§ Task to carry out:
Only the lines below from the one containing "Schloss und Schlossgarten" through the one containing "Paris, , Paris, Paris, Bouchard-Huzard, 1840;" belong in the answer, repeated exactly and without pictures.

§ Supplied material:
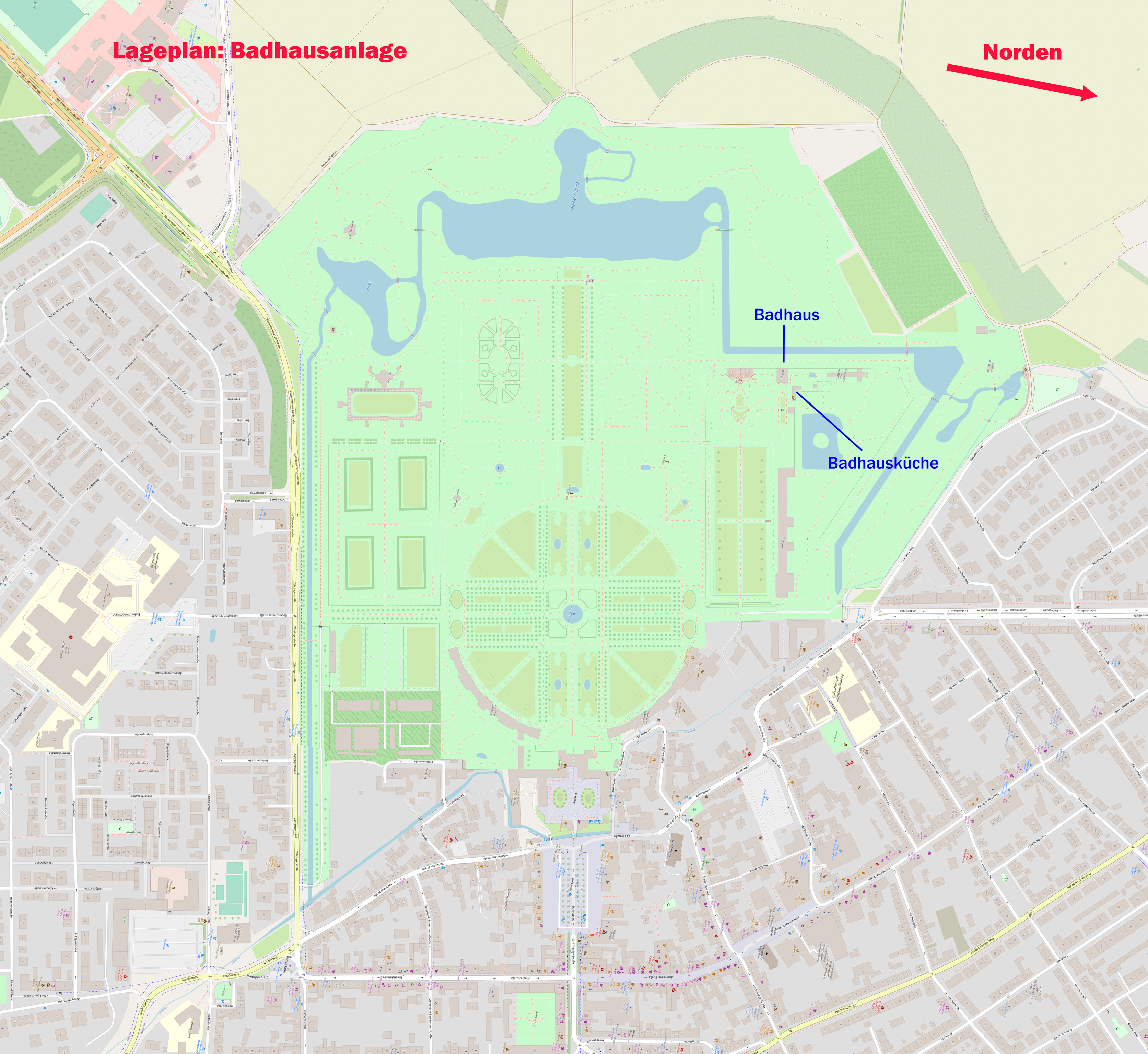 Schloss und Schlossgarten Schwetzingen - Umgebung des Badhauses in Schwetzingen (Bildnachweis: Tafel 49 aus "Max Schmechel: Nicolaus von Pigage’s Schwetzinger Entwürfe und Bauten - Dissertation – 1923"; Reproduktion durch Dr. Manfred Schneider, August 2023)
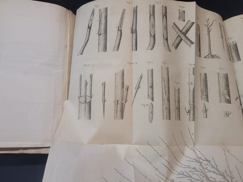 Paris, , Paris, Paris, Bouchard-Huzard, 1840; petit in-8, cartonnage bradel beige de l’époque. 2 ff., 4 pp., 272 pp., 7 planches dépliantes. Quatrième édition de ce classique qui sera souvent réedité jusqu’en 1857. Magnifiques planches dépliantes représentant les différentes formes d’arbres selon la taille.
==
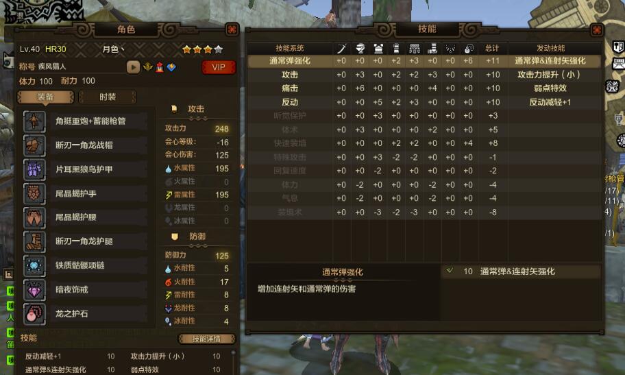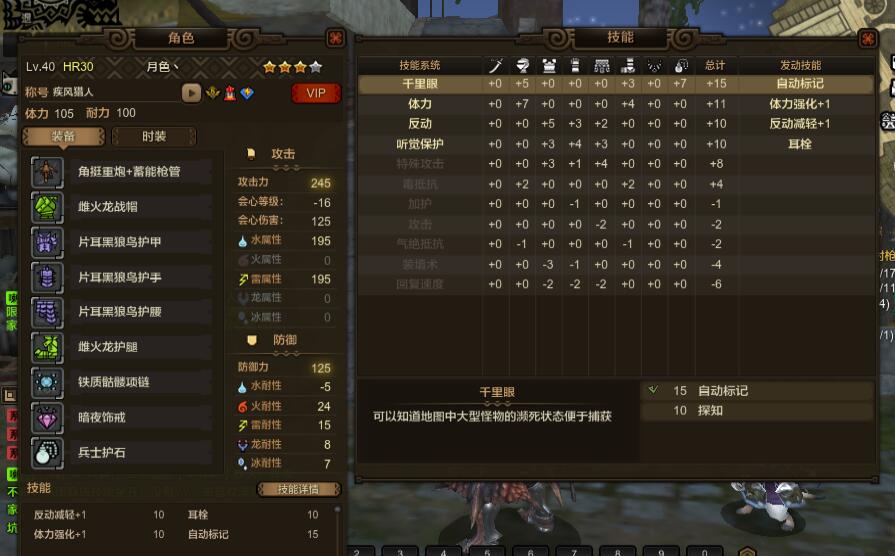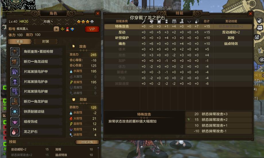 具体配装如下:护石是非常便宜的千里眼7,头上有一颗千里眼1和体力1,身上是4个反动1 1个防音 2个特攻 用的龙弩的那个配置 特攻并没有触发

§ Solution to this task:
 Schloss und Schlossgarten Schwetzingen - Umgebung des Badhauses in Schwetzingen (Bildnachweis: Tafel 49 aus "Max Schmechel: Nicolaus von Pigage’s Schwetzinger Entwürfe und Bauten - Dissertation – 1923"; Reproduktion durch Dr. Manfred Schneider, August 2023)
 Paris, , Paris, Paris, Bouchard-Huzard, 1840; petit in-8, cartonnage bradel beige de l’époque. 2 ff., 4 pp., 272 pp., 7 planches dépliantes. Quatrième édition de ce classique qui sera souvent réedité jusqu’en 1857. Magnifiques planches dépliantes représentant les différentes formes d’arbres selon la taille.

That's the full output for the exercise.